DOT was defined as a treatment strategy where “an appointed agent directly monitors people swallowing their anti-TB drugs” [17]. CB DOT was defined as DOT provided in the community by CHWs or CVs; clinic DOT was defined as DOT delivered at a fixed health clinic, usually by a government health worker.
The definitions for CHWs and CVs in this review were based on the Global Tuberculosis Report 2013 ([1], p. 35):
CHWs were defined as “people with some formal education who have been given training to contribute to community-based health services, including TB prevention and patient care and support. Their profile, roles and responsibilities vary greatly among countries, and their time is often compensated by incentives in kind or in cash.”

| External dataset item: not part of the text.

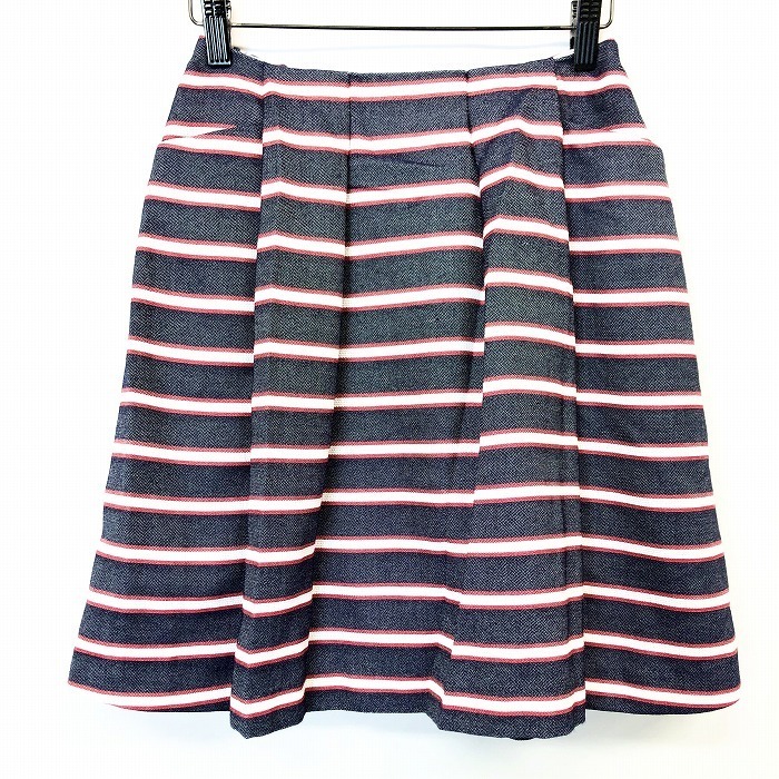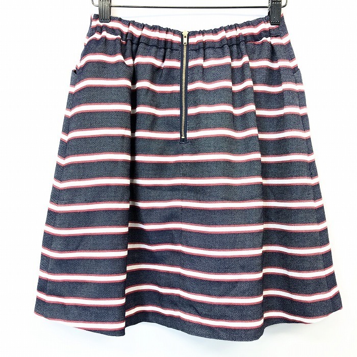 商品タイトル | 【新品】 AG by aquagirl エージーバイアクアガール S レディース フレアスカート 裏地付き ひざ丈 ボーダー ウエストゴム 服 - 紺×赤×白 |

CVs were defined as “community members who have been systematically sensitized about TB prevention and care, either through a short, specific training scheme, or through repeated, regular contact sessions with professional health workers.”
We included studies where the role of the persons delivering CB DOT was consistent with the definitions above for CHW or CV, independent of the term used in the study. Family members providing DOT for their relatives were not included in this definition of CHW or CV.
Treatment success was defined as the sum of cured patients and patients with completed treatment, using WHO definitions [21]. Loss to follow-up was defined as “a TB patient who did not start treatment or whose treatment was interrupted for two consecutive months or more” ([21], p. 6). In the absence of reporting of the numbers lost to follow-up, the reported number defaulting was used instead.